Among the entries below, find the line with "At Nazareth, the" and the line with "(赤色) で染色。 |". Return exactly those lines and every line between them, but no pictures.

*-*-*

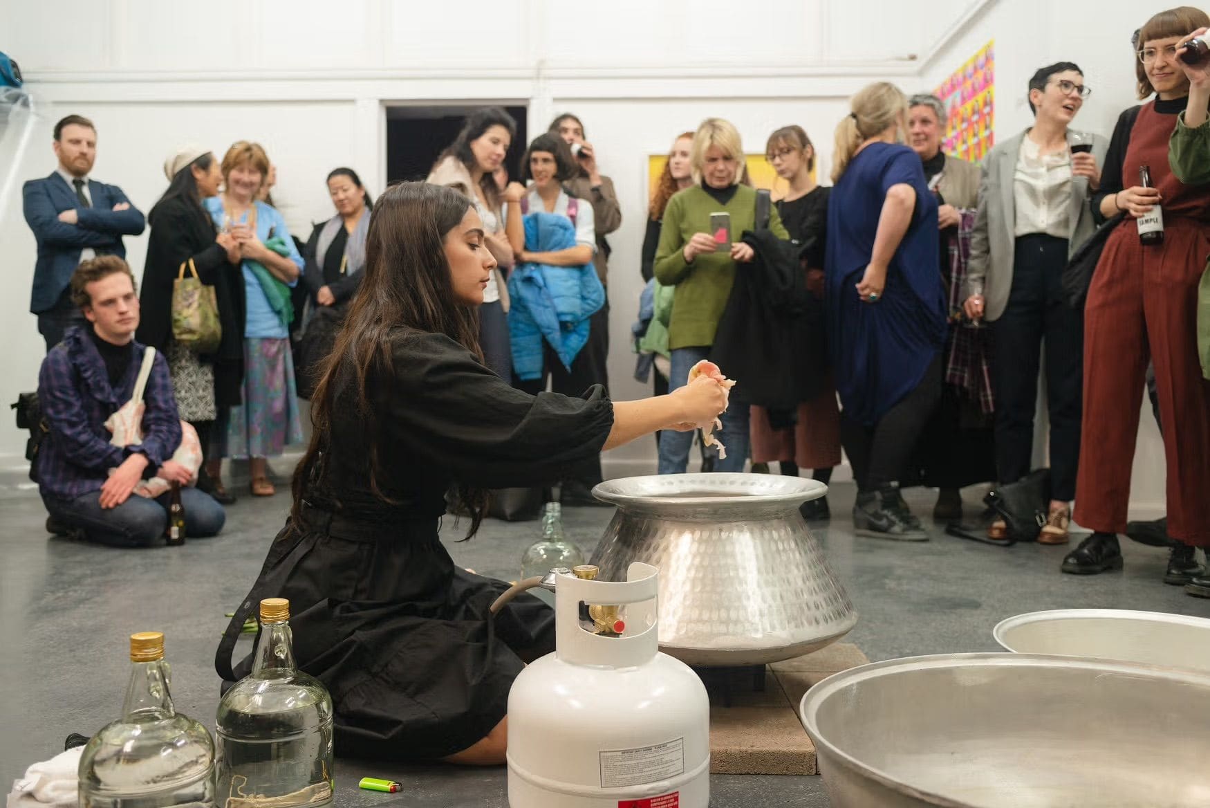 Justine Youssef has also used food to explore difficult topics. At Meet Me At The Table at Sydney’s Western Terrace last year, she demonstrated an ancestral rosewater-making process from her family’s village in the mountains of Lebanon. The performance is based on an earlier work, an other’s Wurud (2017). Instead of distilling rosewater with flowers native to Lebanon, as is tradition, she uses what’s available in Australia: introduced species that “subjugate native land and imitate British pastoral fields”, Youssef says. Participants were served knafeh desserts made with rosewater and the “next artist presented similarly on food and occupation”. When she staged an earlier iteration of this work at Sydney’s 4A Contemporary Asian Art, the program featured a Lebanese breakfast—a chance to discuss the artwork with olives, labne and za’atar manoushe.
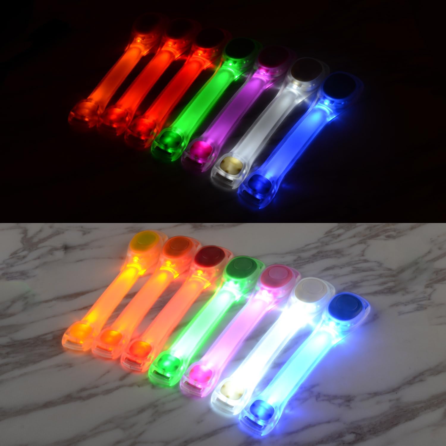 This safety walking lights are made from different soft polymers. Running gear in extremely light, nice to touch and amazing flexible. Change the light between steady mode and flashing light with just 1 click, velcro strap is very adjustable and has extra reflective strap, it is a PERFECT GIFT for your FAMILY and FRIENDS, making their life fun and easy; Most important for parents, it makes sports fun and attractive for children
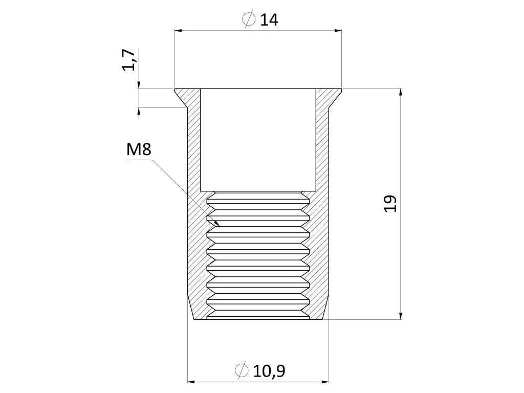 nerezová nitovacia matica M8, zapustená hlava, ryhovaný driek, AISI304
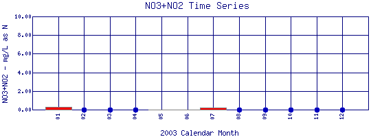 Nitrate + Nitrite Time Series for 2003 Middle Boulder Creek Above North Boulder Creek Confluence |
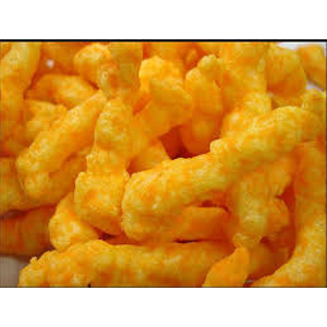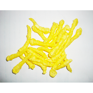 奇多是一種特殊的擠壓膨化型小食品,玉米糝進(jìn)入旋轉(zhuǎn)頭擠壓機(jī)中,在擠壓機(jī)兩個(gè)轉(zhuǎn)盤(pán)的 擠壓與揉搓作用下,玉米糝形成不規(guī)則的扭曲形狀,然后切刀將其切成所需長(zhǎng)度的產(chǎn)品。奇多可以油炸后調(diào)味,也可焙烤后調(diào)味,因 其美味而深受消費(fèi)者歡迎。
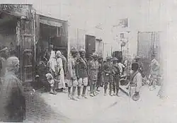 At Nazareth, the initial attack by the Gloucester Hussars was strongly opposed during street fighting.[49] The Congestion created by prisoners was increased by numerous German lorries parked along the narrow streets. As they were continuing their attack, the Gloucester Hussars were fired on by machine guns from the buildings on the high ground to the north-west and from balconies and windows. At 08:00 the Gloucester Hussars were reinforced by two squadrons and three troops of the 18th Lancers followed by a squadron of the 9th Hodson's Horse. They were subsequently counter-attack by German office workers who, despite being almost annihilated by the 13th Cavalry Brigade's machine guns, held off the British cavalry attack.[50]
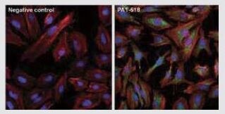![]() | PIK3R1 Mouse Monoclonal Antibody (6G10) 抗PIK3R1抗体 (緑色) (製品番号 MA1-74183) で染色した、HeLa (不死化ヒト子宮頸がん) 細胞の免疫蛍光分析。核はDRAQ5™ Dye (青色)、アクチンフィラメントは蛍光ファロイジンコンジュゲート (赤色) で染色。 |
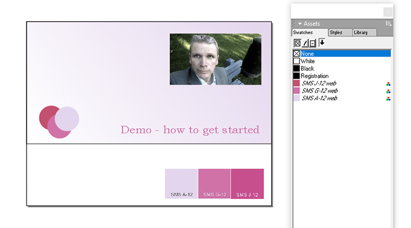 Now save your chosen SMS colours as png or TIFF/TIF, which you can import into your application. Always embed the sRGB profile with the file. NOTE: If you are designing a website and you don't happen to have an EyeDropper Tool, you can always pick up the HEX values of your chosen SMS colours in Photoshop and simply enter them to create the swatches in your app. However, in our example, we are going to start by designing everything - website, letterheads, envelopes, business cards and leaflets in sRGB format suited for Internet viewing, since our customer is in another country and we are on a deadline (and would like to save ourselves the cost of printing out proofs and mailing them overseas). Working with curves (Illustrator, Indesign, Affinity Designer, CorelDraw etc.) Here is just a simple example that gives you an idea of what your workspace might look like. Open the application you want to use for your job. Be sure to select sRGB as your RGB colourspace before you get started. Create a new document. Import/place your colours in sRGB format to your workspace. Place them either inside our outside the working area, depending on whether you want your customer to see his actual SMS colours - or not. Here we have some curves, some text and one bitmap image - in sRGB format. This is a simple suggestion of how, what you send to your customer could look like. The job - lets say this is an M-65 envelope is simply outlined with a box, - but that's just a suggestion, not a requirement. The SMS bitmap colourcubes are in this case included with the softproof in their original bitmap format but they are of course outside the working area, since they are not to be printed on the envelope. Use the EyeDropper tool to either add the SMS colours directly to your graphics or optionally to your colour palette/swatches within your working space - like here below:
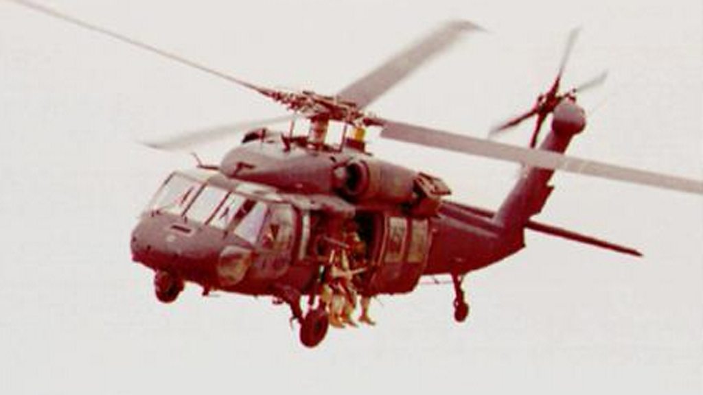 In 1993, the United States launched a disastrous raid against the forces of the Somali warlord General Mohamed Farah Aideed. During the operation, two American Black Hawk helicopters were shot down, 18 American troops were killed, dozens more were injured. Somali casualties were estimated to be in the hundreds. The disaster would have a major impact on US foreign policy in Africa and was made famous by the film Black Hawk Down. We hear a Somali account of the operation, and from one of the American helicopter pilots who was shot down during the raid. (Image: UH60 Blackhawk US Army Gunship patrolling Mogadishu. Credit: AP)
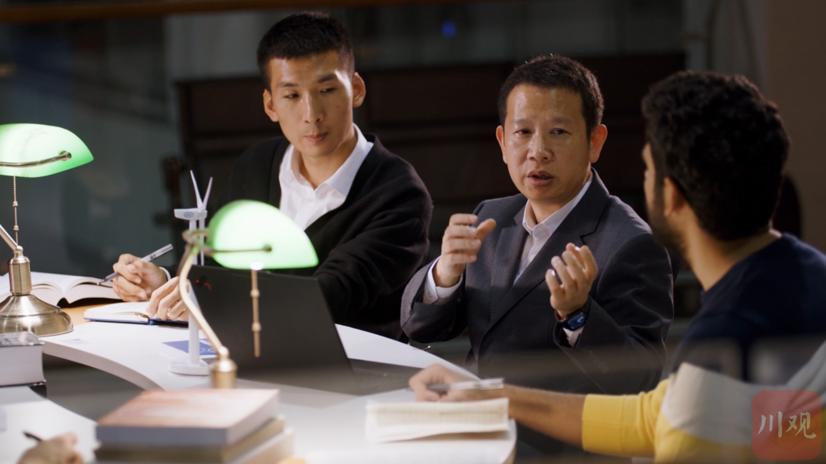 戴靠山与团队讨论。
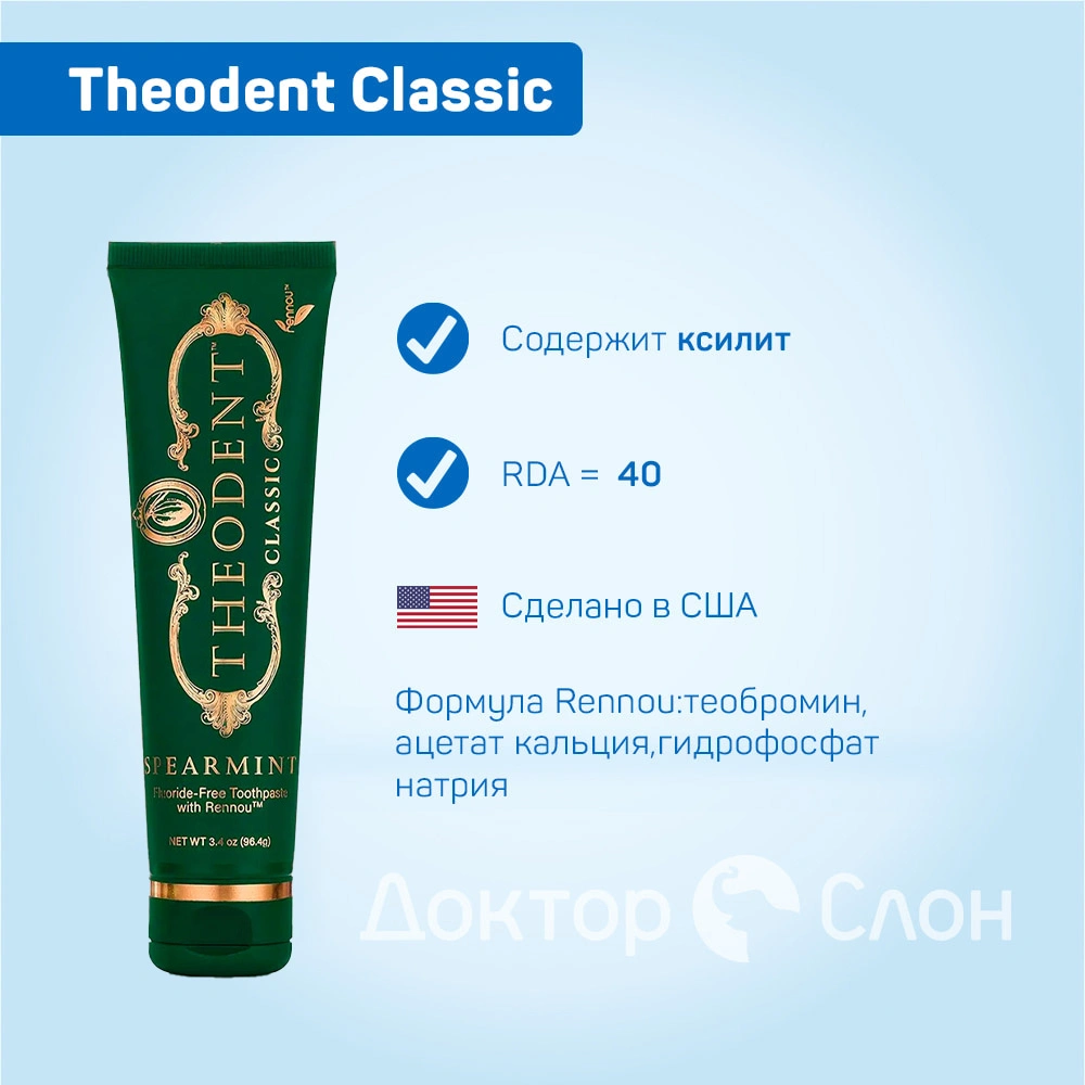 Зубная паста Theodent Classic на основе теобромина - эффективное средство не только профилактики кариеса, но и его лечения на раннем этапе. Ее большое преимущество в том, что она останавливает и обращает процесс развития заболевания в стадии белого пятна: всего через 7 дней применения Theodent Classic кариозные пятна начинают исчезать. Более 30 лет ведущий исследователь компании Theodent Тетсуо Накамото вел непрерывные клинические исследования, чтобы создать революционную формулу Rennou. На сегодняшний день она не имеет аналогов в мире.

*-*-*

**YOUR RESPONSE**
 At Nazareth, the initial attack by the Gloucester Hussars was strongly opposed during street fighting.[49] The Congestion created by prisoners was increased by numerous German lorries parked along the narrow streets. As they were continuing their attack, the Gloucester Hussars were fired on by machine guns from the buildings on the high ground to the north-west and from balconies and windows. At 08:00 the Gloucester Hussars were reinforced by two squadrons and three troops of the 18th Lancers followed by a squadron of the 9th Hodson's Horse. They were subsequently counter-attack by German office workers who, despite being almost annihilated by the 13th Cavalry Brigade's machine guns, held off the British cavalry attack.[50]
![]() | PIK3R1 Mouse Monoclonal Antibody (6G10) 抗PIK3R1抗体 (緑色) (製品番号 MA1-74183) で染色した、HeLa (不死化ヒト子宮頸がん) 細胞の免疫蛍光分析。核はDRAQ5™ Dye (青色)、アクチンフィラメントは蛍光ファロイジンコンジュゲート (赤色) で染色。 |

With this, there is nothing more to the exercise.